_RECORD EXCERPTS_.
┏━━

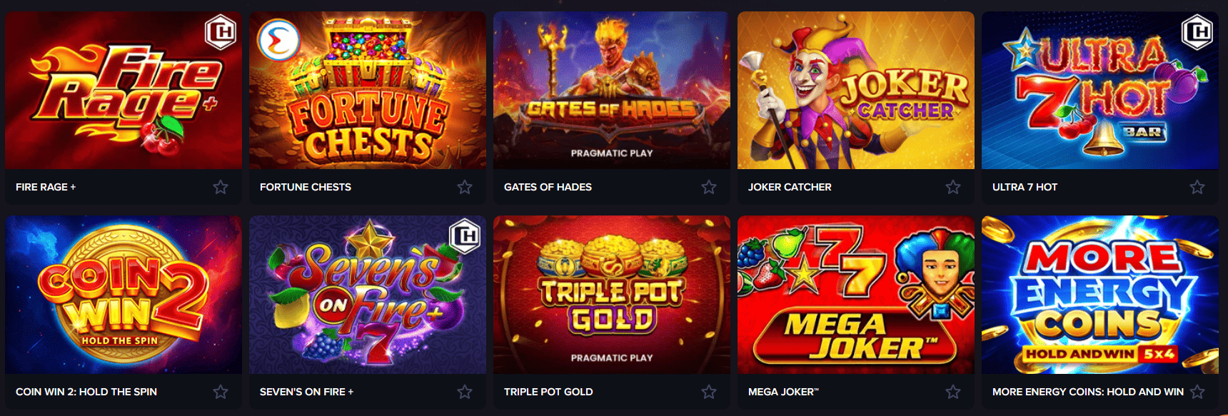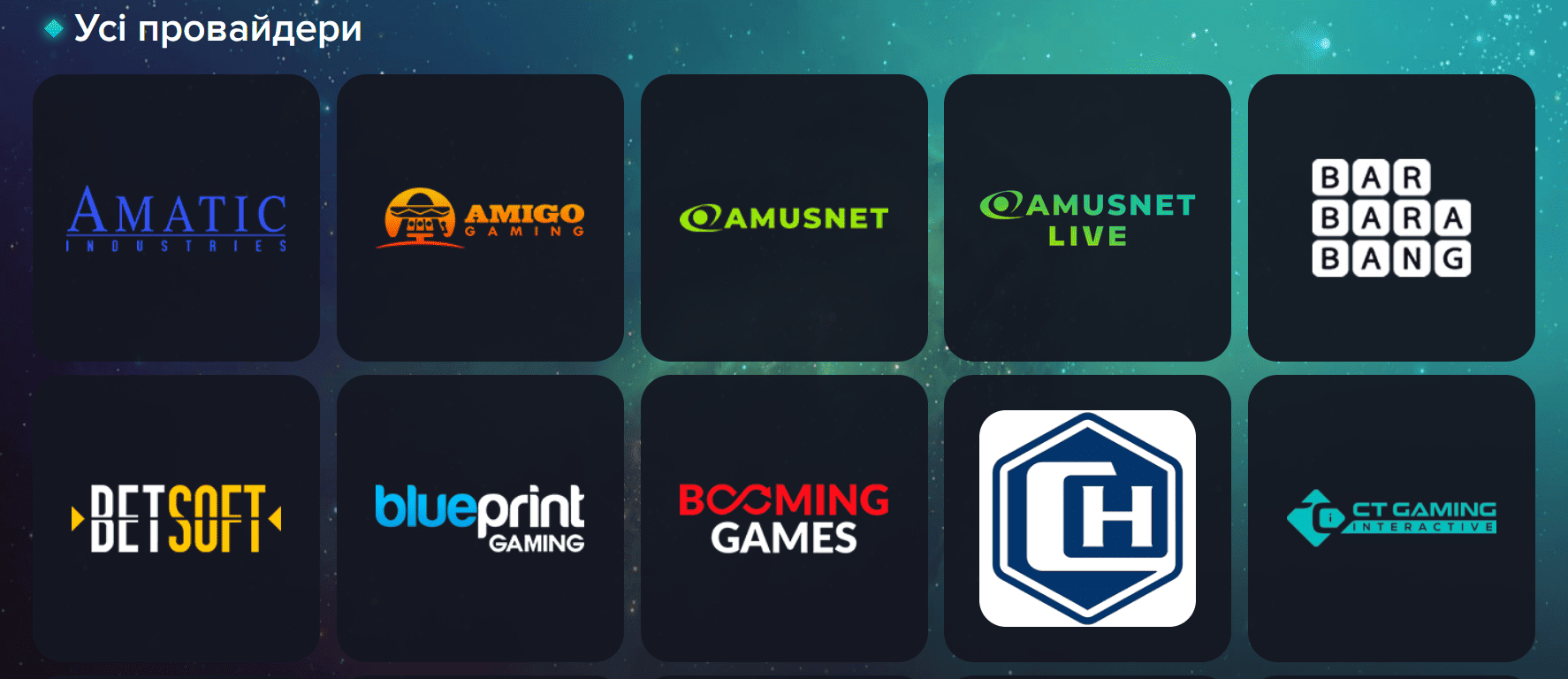 ПровайдериBetsoft Gaming, Amusnet, Champion, Amatic, Ezugi, Fugaso, Habanero, Booming Games, KA Gaming, NetGame, SmartSoft та інше
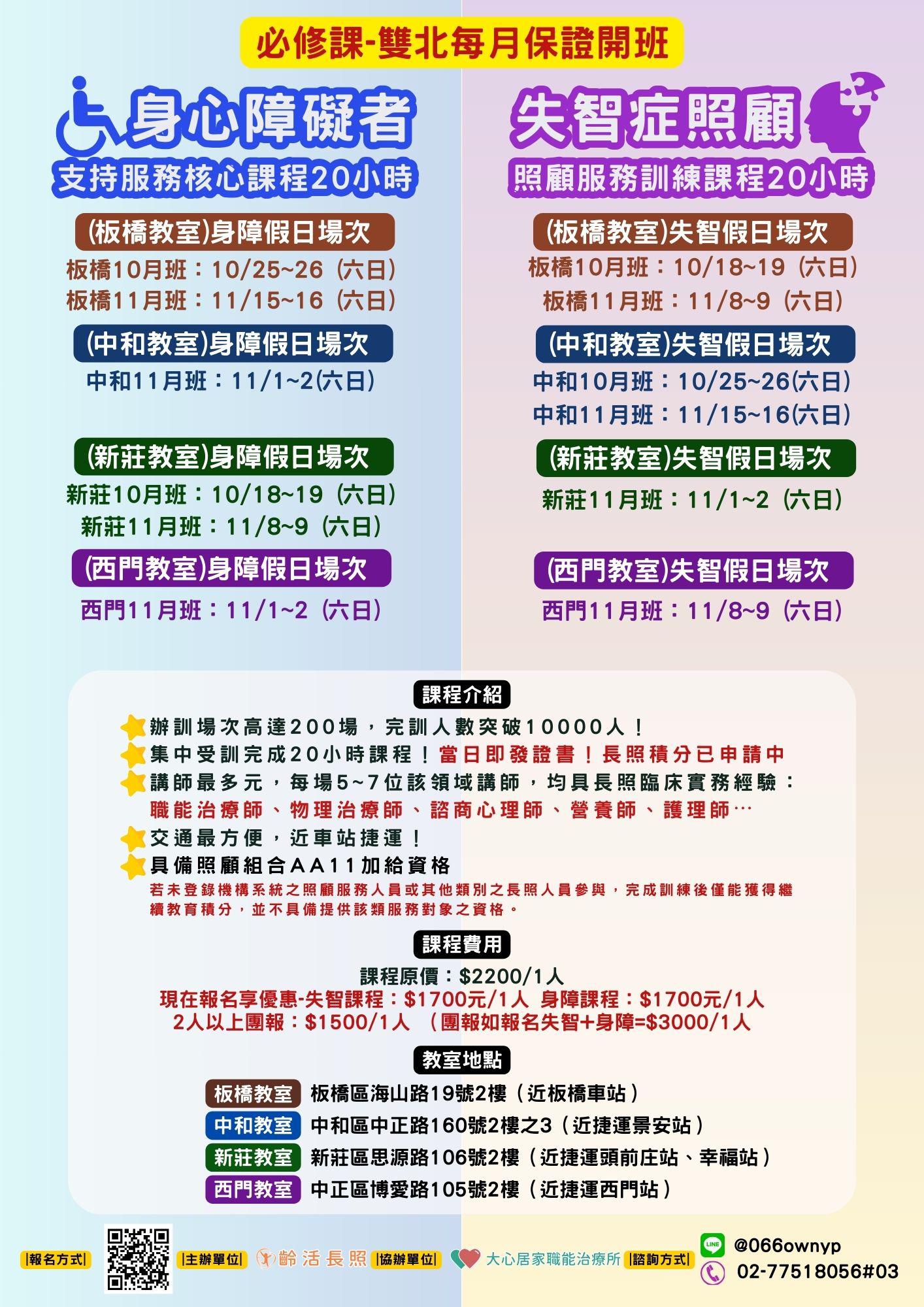 (西門)十一月失智班:11/8~11/9 (六 日) 08:00~19:00
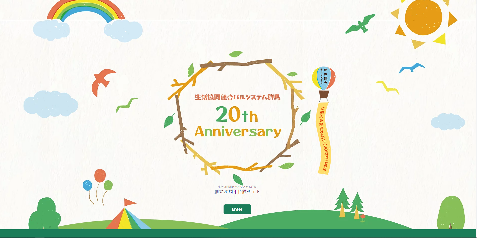 生活協同組合パルシステム群馬(高崎市中大類町、反町幸代理事長) は、2022年に創立20周年を迎えました。このたび、20周年を記念した記念ロゴマークを制定するとともに、記念サイトを公開しました。今後もさまざまな記念事業を予定し、組合員をはじめ地域や支えていただく全ての皆様に感謝を伝えていきます。
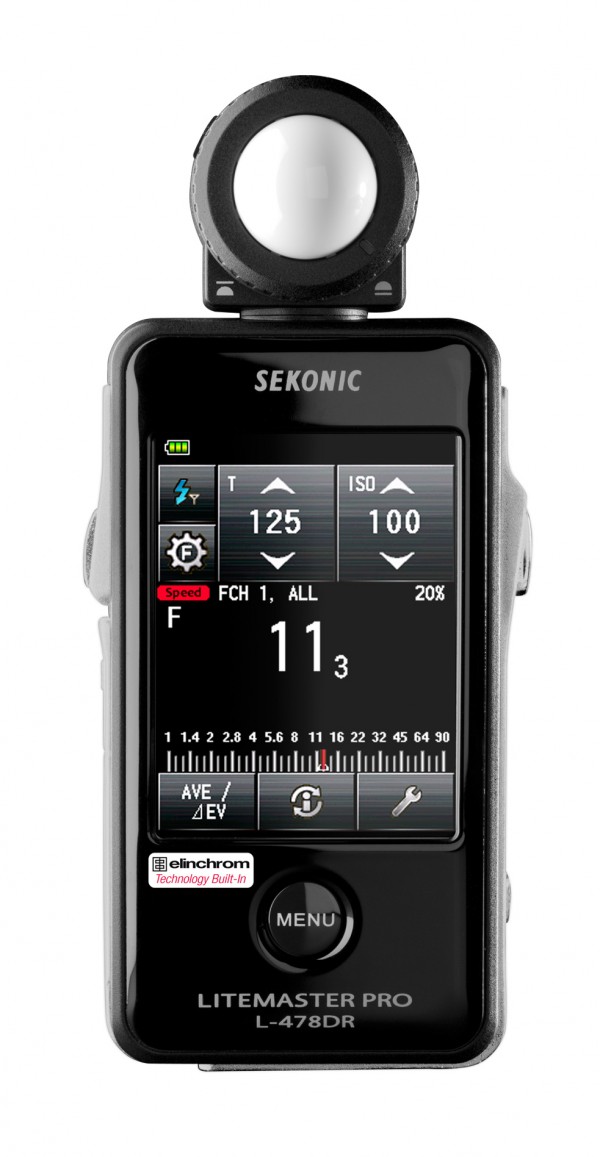 The LiteMaster Pro L-478DR-EL light meter of Sekonic offers wireless triggering and full power control of all EL-Skyport enabled Elinchrom flash units.
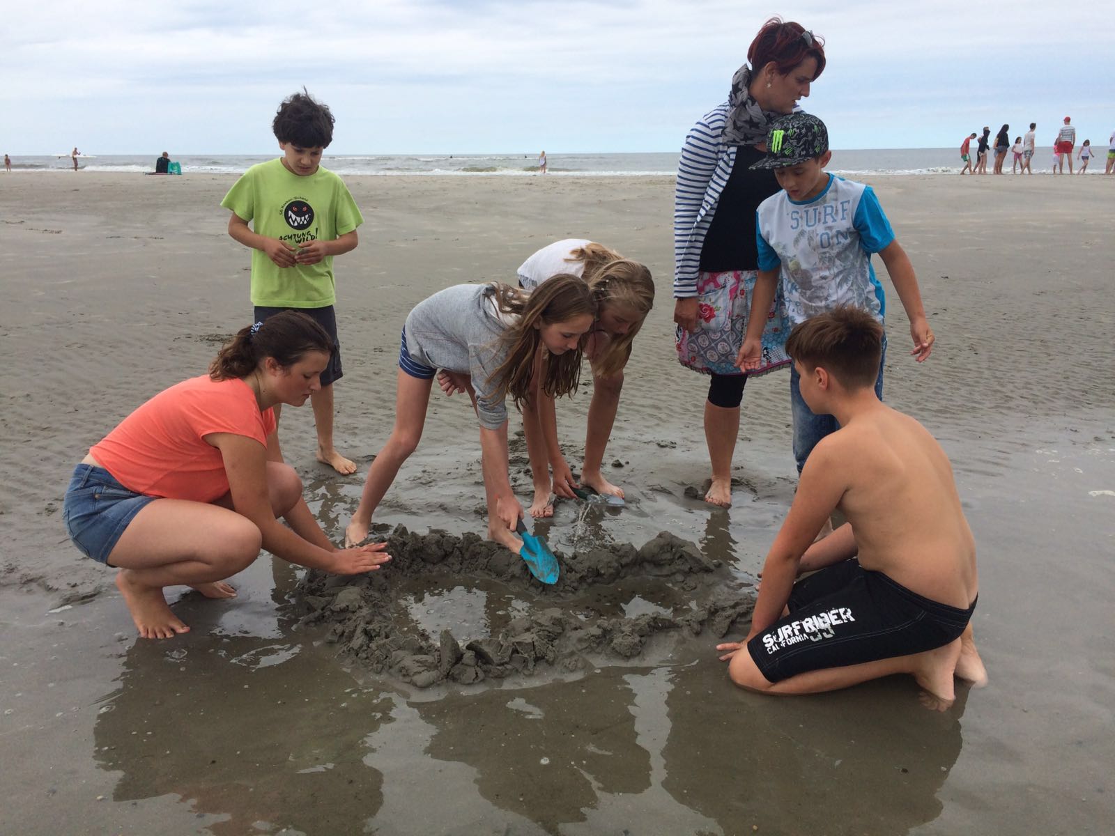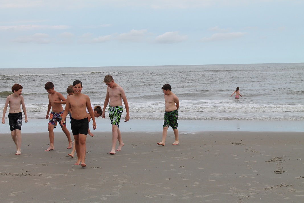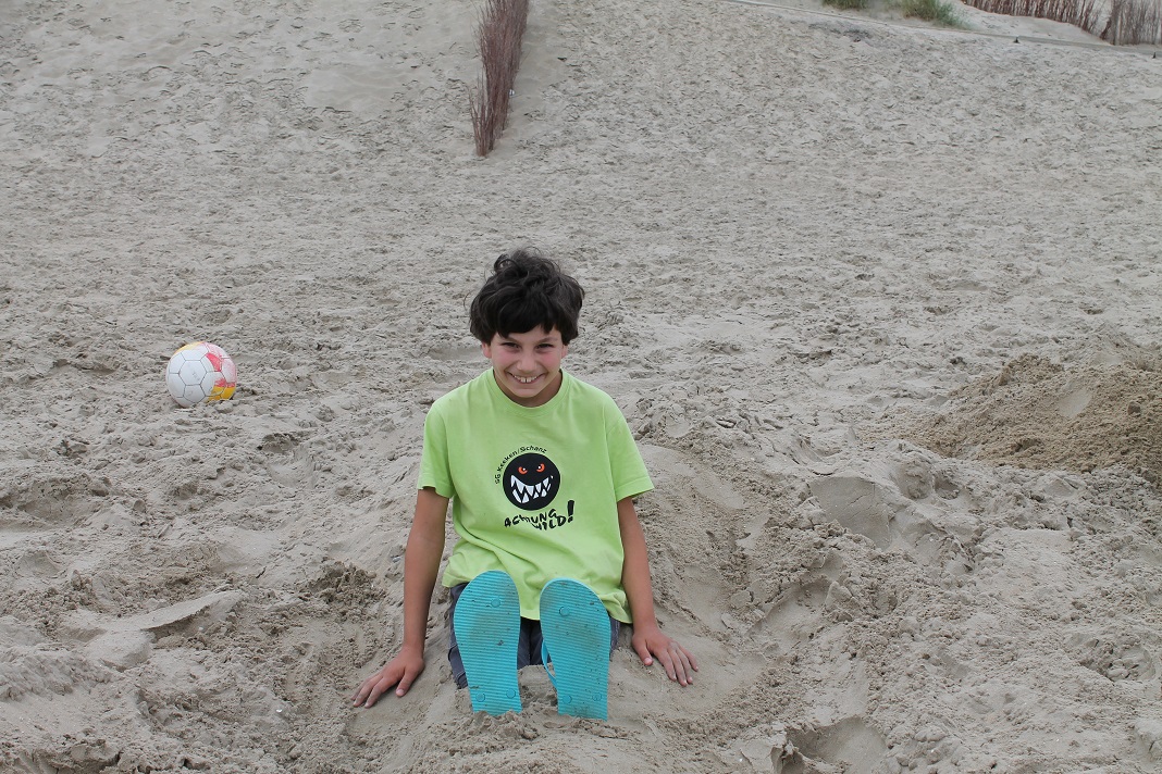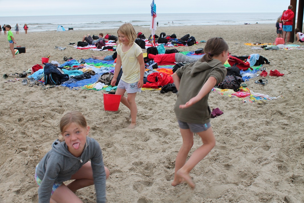 Die großen Jungs waren schon morgens um 6 Uhr unterwegs und sind mit Betreuerin Marion joggen gegangen. Der Rest hat währendessen noch im Bett geschlummert. Nach dem Frühstück wurden Sachen und Spielzeuge gepackt. Bei etwas bewölktem Himmel zogen wir gemeinsam los zum Strand. Die einen buddelten sich ein Wohnzimmer im Sand, die anderen spielten Winkingerschach oder Strandtennis.  Muscheln und Krebse wurde auch gesucht und die ganz "harten" waren sogar im 18 Grad warmen Wasser. Wolle und Axel brachten uns gegen Mittag belegte Brötchen und Getränke. Gegen 15 Uhr wurden die Klamotten dann wieder zusammen gepackt und wir starteten die Rücktour zum Lager. Während die Küche das Essen brutzelte spielten einige Fußball, legten ein paar ruhige Minuten ein usw. Die großen Mädels überkam es und so wurde eine wilde Farbschlacht veranstaltet. Ganz nach dem Motto "T-Shirts bemalen mal anders".
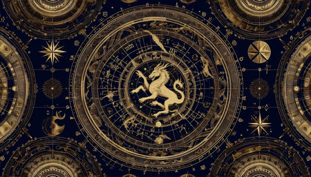 A close-up view presents a detailed astrological wheel design in a gold hue set against a dark backdrop. The composition features a symmetrical arrangement of zodiac symbols and celestial elements. The image displays artistic patterns, suitable for various editorial and commercial applications. The lighting suggests an indoor setting.
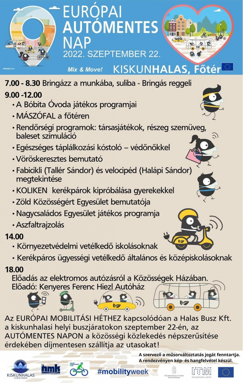 Szeptember 22-én, csütörtökön van az Európai autómentes nap. Halas főterén reggel 7 órától bringás reggeli – kakaós csiga - várja az iskolába, munkába kerékpárral indulókat.
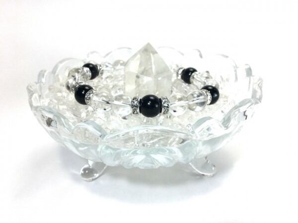 水晶×オニキス パワーストーン ブレスレット 天然石 10mm(シルバー)メンズ・レディース 男性・女性 数珠ブレス 開運 ☆
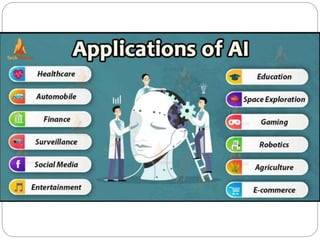 The document discusses various digital transformation technologies, focusing on artificial intelligence (AI) and its subsets like machine learning, computer vision, and generative AI. It outlines applications such as robotic process automation (RPA), speech recognition, and data science in enhancing business processes, particularly in a retail context. Additionally, it categorizes AI based on functionality, capability, and provides insights on both advantages and challenges associated with these technologies.
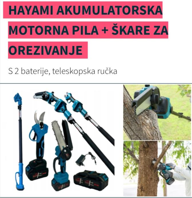 Aku pila+štapna pila+aku škare+štapne škare 2x Baterija NOVO! ZAGREB
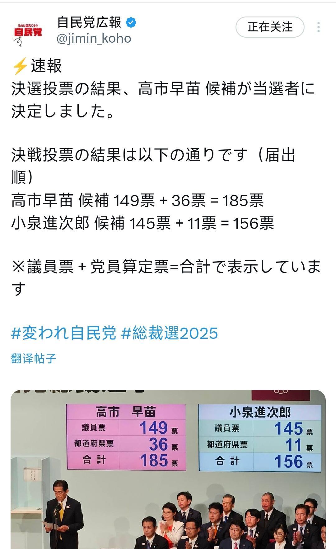 最新消息:被视作女版“安倍”的日本极端右翼分子高市早苗,在自民党总裁选举中,以1
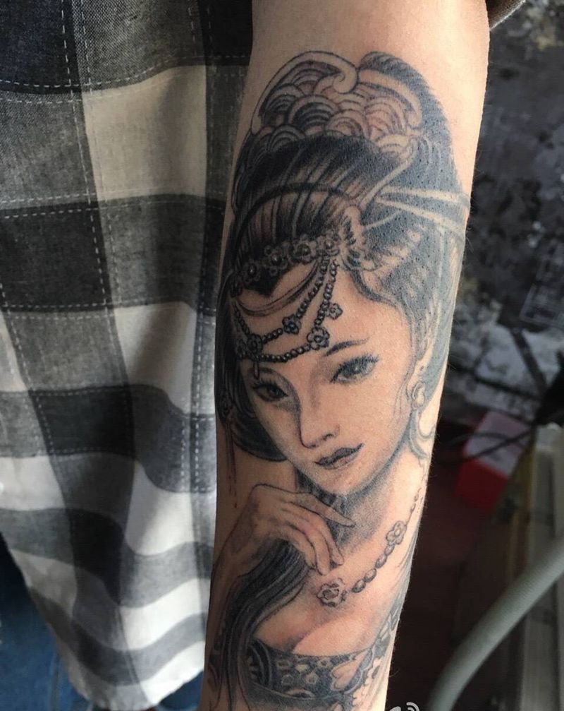 小臂艺姬纹身图片
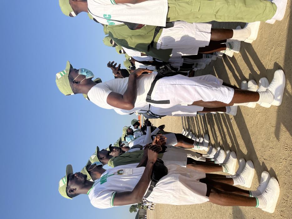 A line of people wearing white uniforms and green hats are standing outdoors. The uniforms consist of white shirts, white shorts, white socks, and white shoes. Some wear face masks. Some are wearing green jackets over their shirts. The background is a clear blue sky and beige ground. They appear to be at attention or performing some kind of drill.
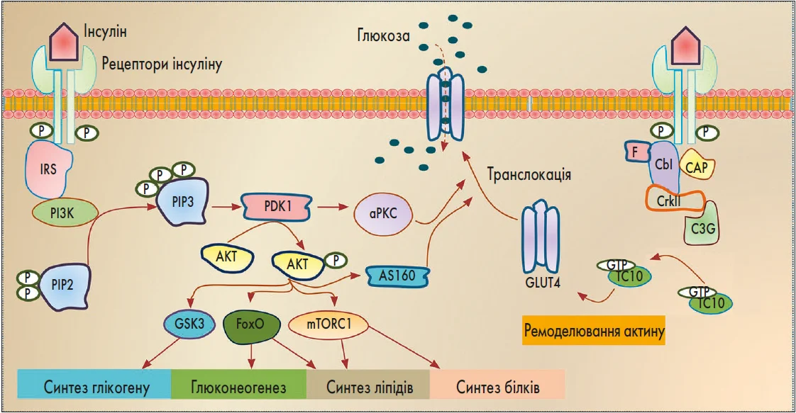 Інсулін виконує свої функції в інсулінозалежних тканинах через своє зв’язування з рецептором інсуліну (INSR), який активує його нижчі сигнальні шляхи (рис. 1). Інсулін має анаболічний ефект, оскільки сприяє синтезу глікогену, ліпідів і білків, а також інгібує процеси глюконеогенезу та ліполізу [6]. Він також сприяє внутрішньоклітинному поглинанню глюкози через транслокацію інсулінозалежного транспортера глюкози (GLUT4), як у скелетних м’язах так, і в жировій тканині [7]. Ця метаболічна дія інсуліну досягається через шлях фосфатидилінозитол‑3-кінази (PI3K) [8].
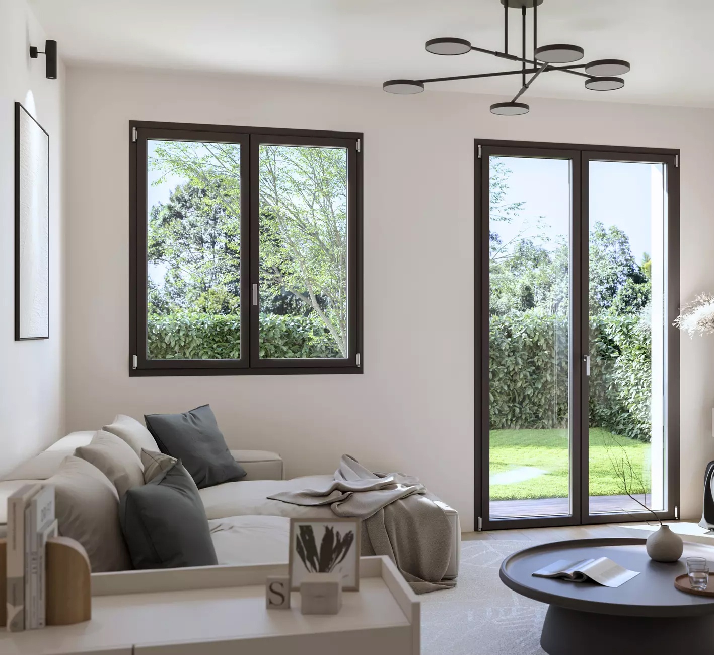 Composto da finestre a battente e una porta finestra, si caratterizza per dettagli raffinati e finiture contemporanee. presenta il telaio in battuta e cerniere a vista
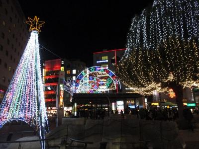 その玄関口「JR赤羽駅」の東口広場に、夜になると灯るささやかなイルミネーション。
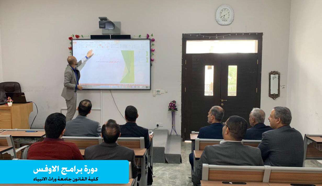 في سياق توجه جامعة وارث الأنبياء في استخدام التقنيات الحديثة لتطوير العملية التعليمية من خلال تطبيق نظام التعليم الالكتروني اقامت كلية القانون في الجامعة دورة تدريبية تحت عنوان (دور تطبيقات برامج الاوفس في تطوير طرائق التدريس) حيث تم استعراض برامج الخاصة بحزمة مايكروسوفت اوفس واهم المميزات التي تتيح للمستخدم العمل عليها , وكان المحاضر في الدورة م.م علي حميد. والفئة المستفيدة تحددت بالكادر التدريسي في كلية القانون .
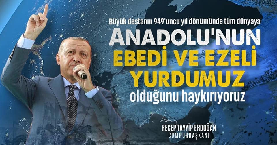 Cumhurbaşkanı Erdoğan, sosyal medya hesabından Malazgirt Zaferi'nin 949. yıl dönümü dolayısıyla paylaşımda bulundu.

┗━━

_EXERCISE PROMPT_. Copy the lines from the line that contains "في سياق توجه" through the end of the records, exactly and with nothing added; leave the pictures out.

_THE ANSWER_.
 في سياق توجه جامعة وارث الأنبياء في استخدام التقنيات الحديثة لتطوير العملية التعليمية من خلال تطبيق نظام التعليم الالكتروني اقامت كلية القانون في الجامعة دورة تدريبية تحت عنوان (دور تطبيقات برامج الاوفس في تطوير طرائق التدريس) حيث تم استعراض برامج الخاصة بحزمة مايكروسوفت اوفس واهم المميزات التي تتيح للمستخدم العمل عليها , وكان المحاضر في الدورة م.م علي حميد. والفئة المستفيدة تحددت بالكادر التدريسي في كلية القانون .
 Cumhurbaşkanı Erdoğan, sosyal medya hesabından Malazgirt Zaferi'nin 949. yıl dönümü dolayısıyla paylaşımda bulundu.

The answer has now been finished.